The NBA has had enough. After a season in which the tanking conversation reached fever pitch — fueled by one of the deepest draft classes in years — commissioner Adam Silver and the league office made it clear this week that significant structural change is coming. And they’re not talking about minor tweaks.
The NBA presented three comprehensive anti-tanking proposals to its board of governors during meetings in New York on Wednesday, according to ESPN’s Shams Charania. Each concept represents a radical departure from the current lottery system. The common thread across all three: for the first time, teams that make the playoffs would be included in the lottery process.
The Three Proposals
Proposal 1: The 18-Team Lottery. The bottom 10 teams that miss the play-in tournament would each share an equal 8% chance of moving up in the lottery — eliminating the incentive to be the absolute worst. The remaining 20% of lottery odds would be distributed among the eight play-in teams in descending order. All 18 positions would be drawn as part of the lottery.
Proposal 2: The 22-Team Two-Season Approach. This is the most complex concept. It would involve the bottom 10 non-play-in teams, the eight play-in teams, and the four first-round playoff losers — 22 teams total. Teams would be ranked according to their combined record across two seasons, similar to the WNBA’s current system. Crucially, it includes a minimum win floor: if the threshold is 20 wins, a 14-68 team would be treated as a 20-62 team for lottery purposes, removing the incentive to completely bottom out.
Proposal 3: The “Five-by-Five” Method. This plan also involves 18 teams. The five teams with the worst records would all share identical odds, flattening the lottery at the bottom. The league would draw for each of the top five picks, then hold a second lottery drawing for the remaining 13 teams. Even if a bottom-five team misses the top five, they couldn’t fall lower than 10th overall — a safety net that still rewards bad teams without encouraging the race to the bottom.
Silver’s Message Was Unmistakable
At his press conference following the meetings, Silver didn’t mince words.

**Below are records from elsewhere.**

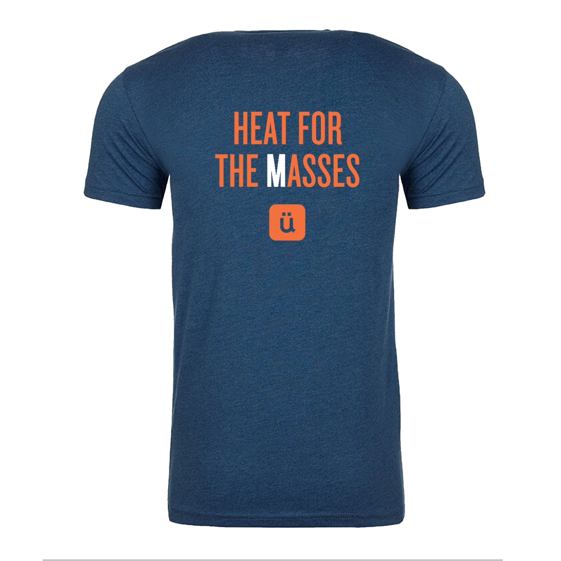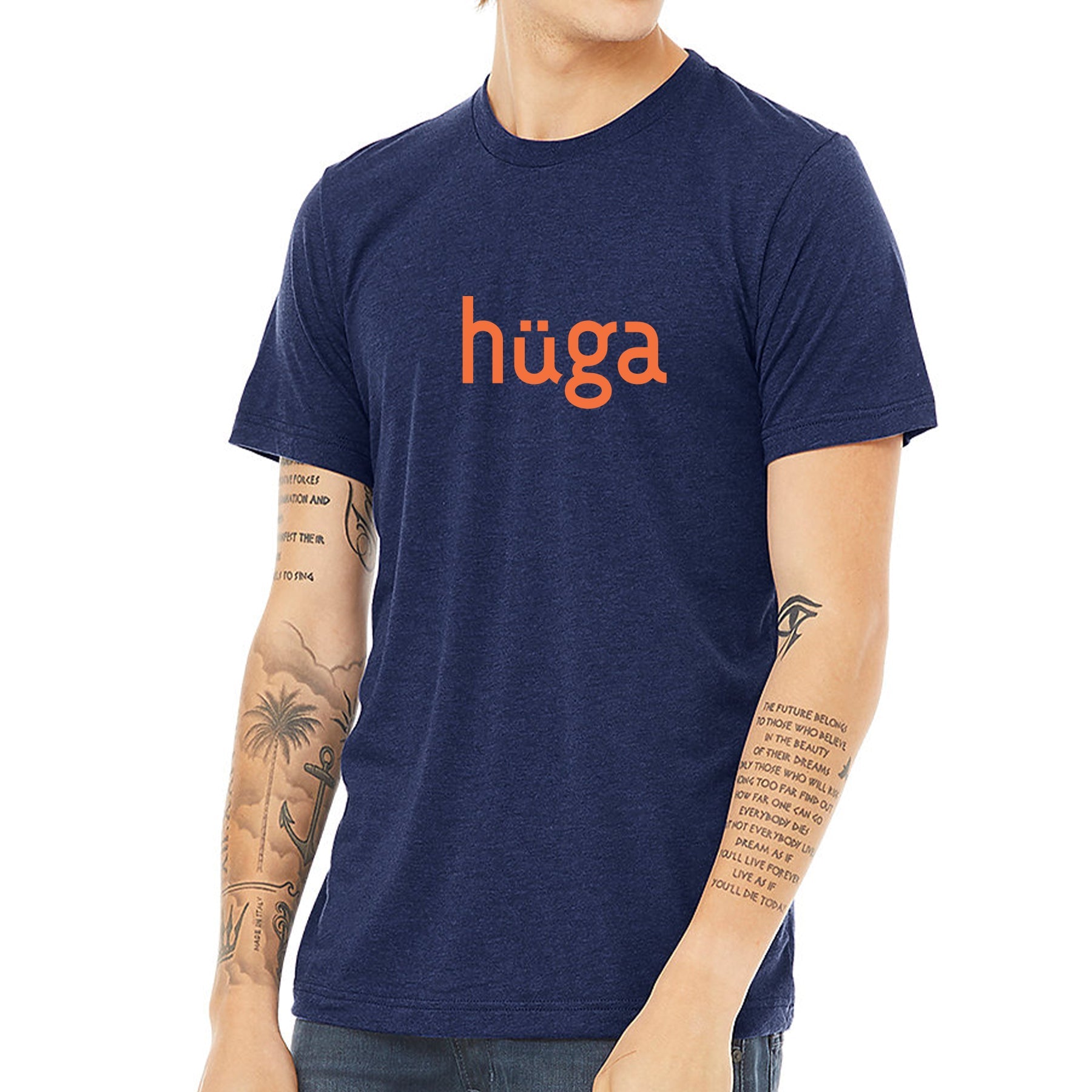 Our classic "hüga logo" t-shirt. You can show off your love of hüga with our classic "hüga logo" t-shirt, back has our signature "u" with text "HEAT FOR THE MASSES". Available in crew neck fit with "hüga orange" print on heather tri-blend navy.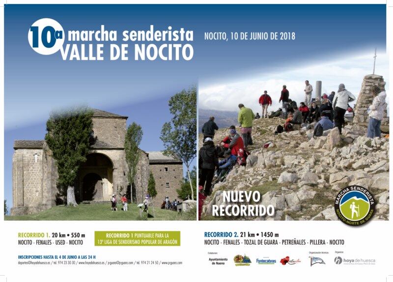 La Marcha Senderista Valle de Nocito celebra su décimo aniversario, con dos recorridos diferentes uno por la cara norte de Guara (Refugio de Fenales, Used, Bentué, San Úrbez) de 20km y 550m de desnivel y otro que asciende por el Refugio de Fenales a la cima del Tozal de Guara (2.070m) completando un recorrido de 21km y 1450m+.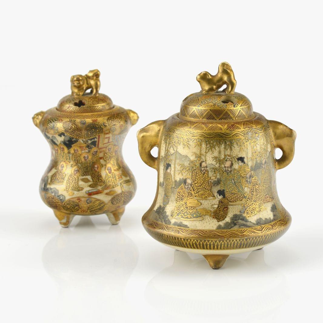 Céramique émaillée polychrome à décor de personnage sur fond or, Japon, Satsuma, fin époque Meiji, H 12 et 10 cm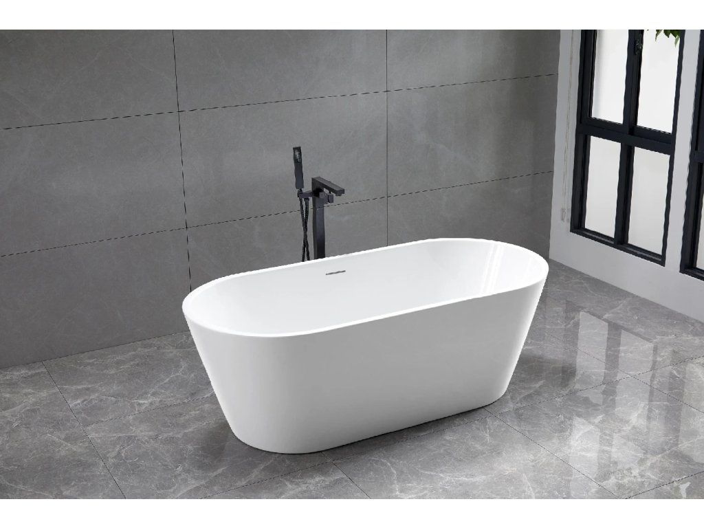 CERANO - Wolnostojąca wanna akrylowa Timea - biała połysk - 150x74 cm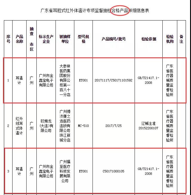 廣東省藥監(jiān)局此次抽查合格產(chǎn)品名單上,倍爾康耳溫計(jì)ET001榜上有名!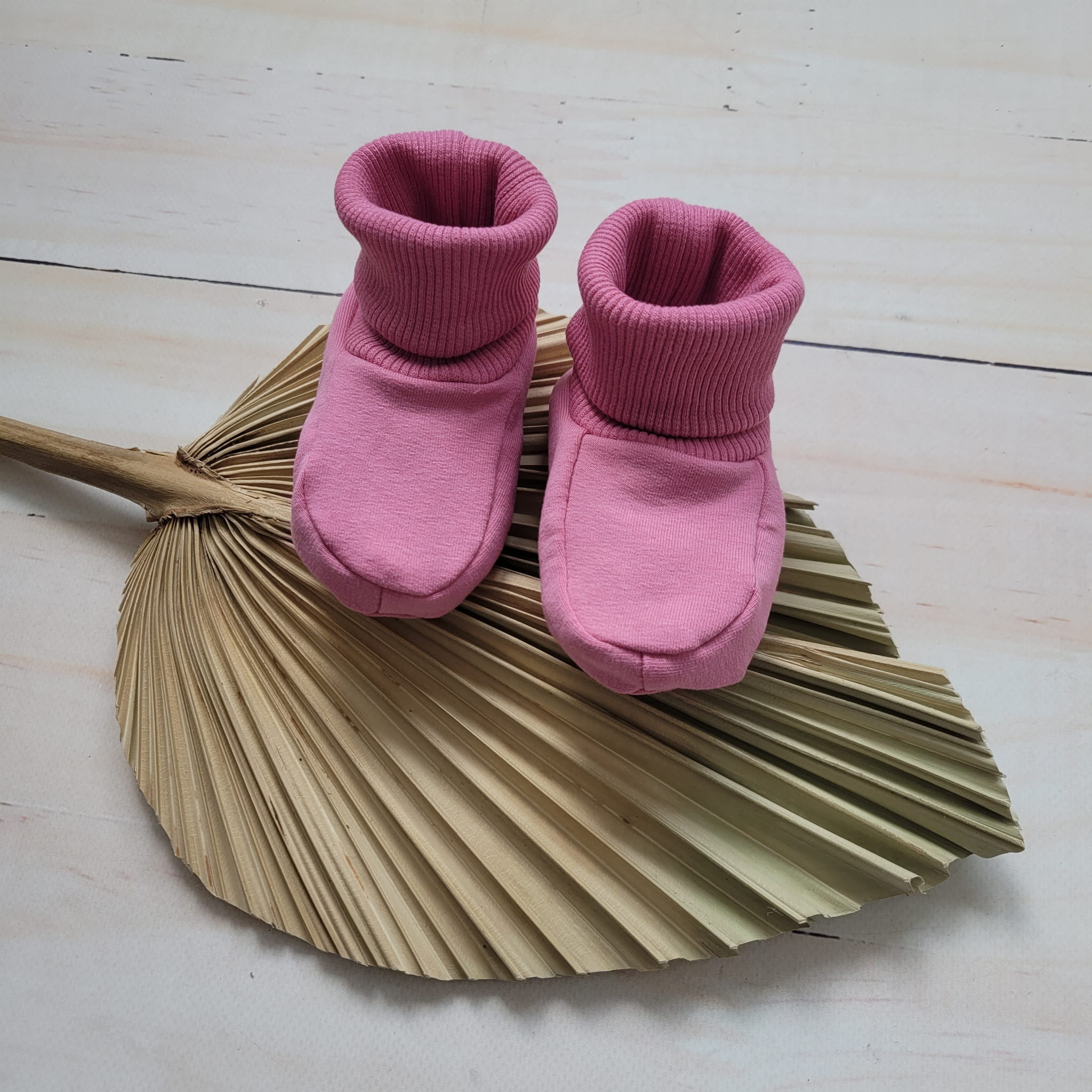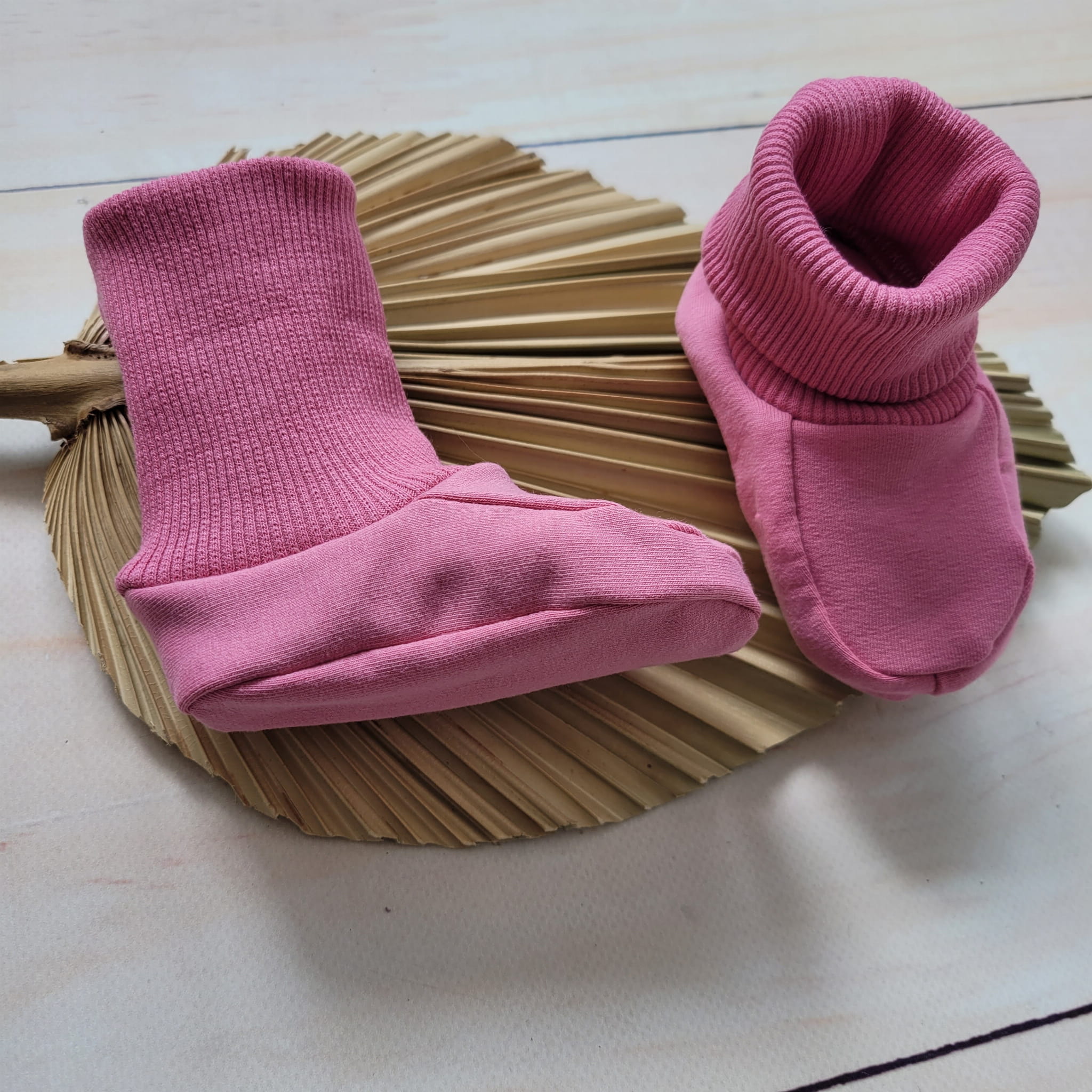 Buciki niemowlęce wykonane w kolorze rosy dream.

“I do think ultimately this is a decision that needs to be made at the ownership level,” Silver said. “It has business implications, has basketball implications, has integrity implications for the league. So it’s one that we take very seriously, and we are going to fix it. Full stop.”
He went further, acknowledging the blurred line between legitimate rebuilding and outright tanking: “There’s such a subtlety to this when incentives don’t match, when we’re now into it with coaches’ decisions on lineups and when players come in and out of the game, injuries, doctors going back and forth with each other, pain levels of players.”
That’s a sitting commissioner essentially admitting the system incentivizes teams to manipulate injury reports and lineup decisions. It’s a stunning level of candor.
Why Now?
The 2025-26 season has been the tipping point. With AJ Dybantsa, Darryn Peterson, Cameron Boozer, Caleb Wilson, and Darius Acuff headlining what scouts are calling a generationally deep draft class, the race to the bottom has been more aggressive than ever. The Indiana Pacers (16-58), Brooklyn Nets (17-57), and Washington Wizards (17-56) have been historically bad, and even teams like the Sacramento Kings (19-55) and Utah Jazz (21-53) appear to have strategically dismantled competitive rosters to improve their lottery odds.
The daily tanking tracker has become as popular as the playoff standings on NBA media sites. That’s a branding problem Silver can’t ignore.
What Happens Next
The league has called a special board of governors meeting in May — a highly unusual move outside the standard meeting calendar — where a formal vote is expected. Over the coming weeks, owners will discuss the proposals with their leadership groups, and modifications to each concept are expected before the vote.
Importantly, none of the three proposals include previously floated ideas like limiting pick protections in trades or freezing lottery odds at a set date in the season. Those could surface in future collective bargaining discussions, but for now, the focus is on restructuring the lottery itself.
Whatever the owners choose, the NBA’s incentive structure is about to change fundamentally. Silver said as much: the changes will be implemented for next season. The only question is which version of the new world they’ll pick.